* ASSIGNMENT
The answer should be every line below, repeated exactly, with the images left out.

* STORED DATA
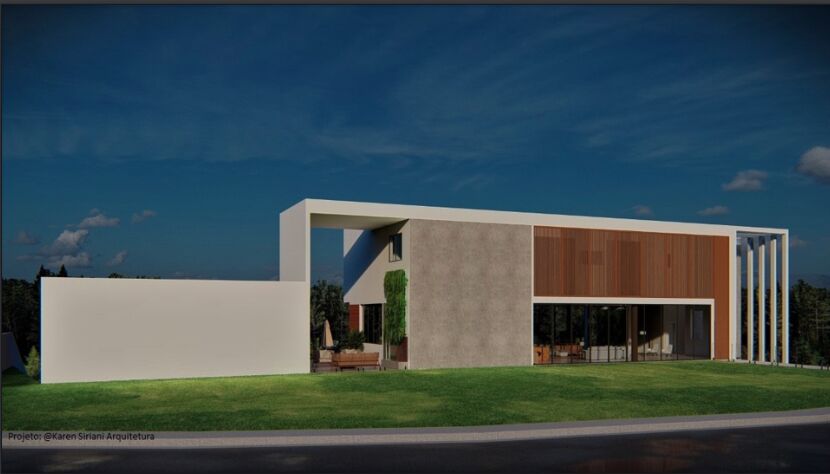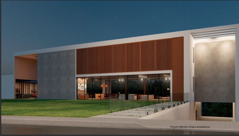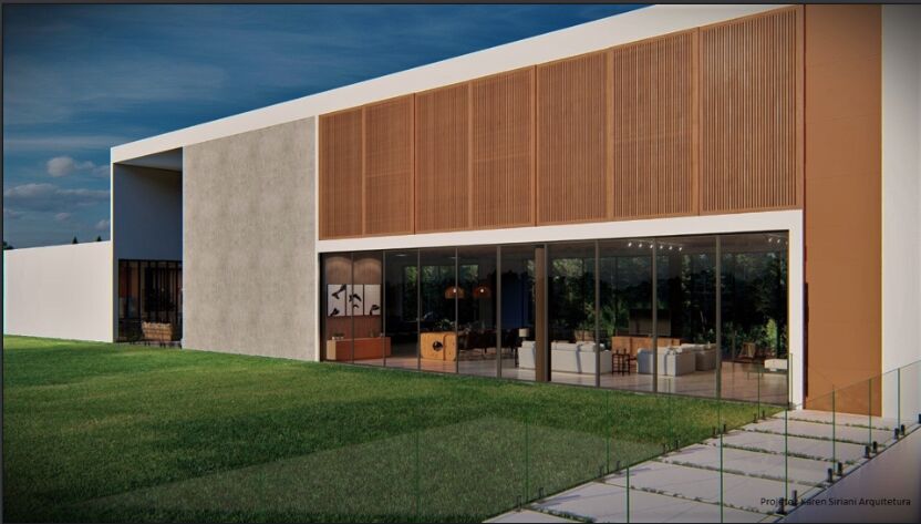 Fachada imponente, projeto alia ambientes integrados e clean, porém também é integrado com a natureza, com absoluta privacidade. Em função da localização do imóvel ser em um terreno de declive, com ampla vista livre verde, e a construção ser alta, ela possui vista livre para toda uma área verde preservada, com incidência de Sol todo o dia, todo o pavimento térreo, e o pavimento superior onde estão as suítes estão integrados à paisagem verde, tornando esta residência exclusiva.
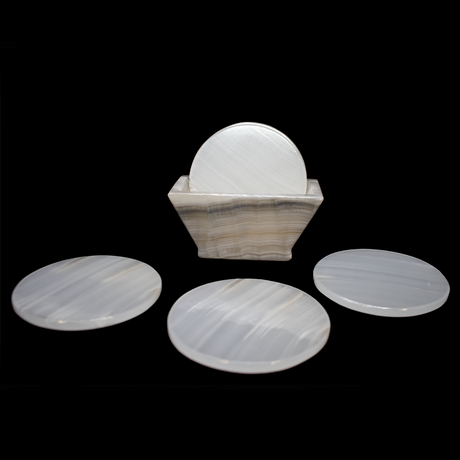 Banded Pearlescent Onyx Coasters - Set of 6 with Holder - Rounds
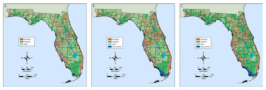 - Carr, M.H.; Zwick, P.D. Florida 2060 Version 2.0: Three Alternative Land Use Scenarios: A Trend Scenario and Two Scenarios That Consider Sea Level Rise; University of Florida Center for Landscape Conservation Planning: Gainesville, FL, USA, 2013; p. 21. [Google Scholar]

* RESULT FOR THIS TASK
 Fachada imponente, projeto alia ambientes integrados e clean, porém também é integrado com a natureza, com absoluta privacidade. Em função da localização do imóvel ser em um terreno de declive, com ampla vista livre verde, e a construção ser alta, ela possui vista livre para toda uma área verde preservada, com incidência de Sol todo o dia, todo o pavimento térreo, e o pavimento superior onde estão as suítes estão integrados à paisagem verde, tornando esta residência exclusiva.
 Banded Pearlescent Onyx Coasters - Set of 6 with Holder - Rounds
 - Carr, M.H.; Zwick, P.D. Florida 2060 Version 2.0: Three Alternative Land Use Scenarios: A Trend Scenario and Two Scenarios That Consider Sea Level Rise; University of Florida Center for Landscape Conservation Planning: Gainesville, FL, USA, 2013; p. 21. [Google Scholar]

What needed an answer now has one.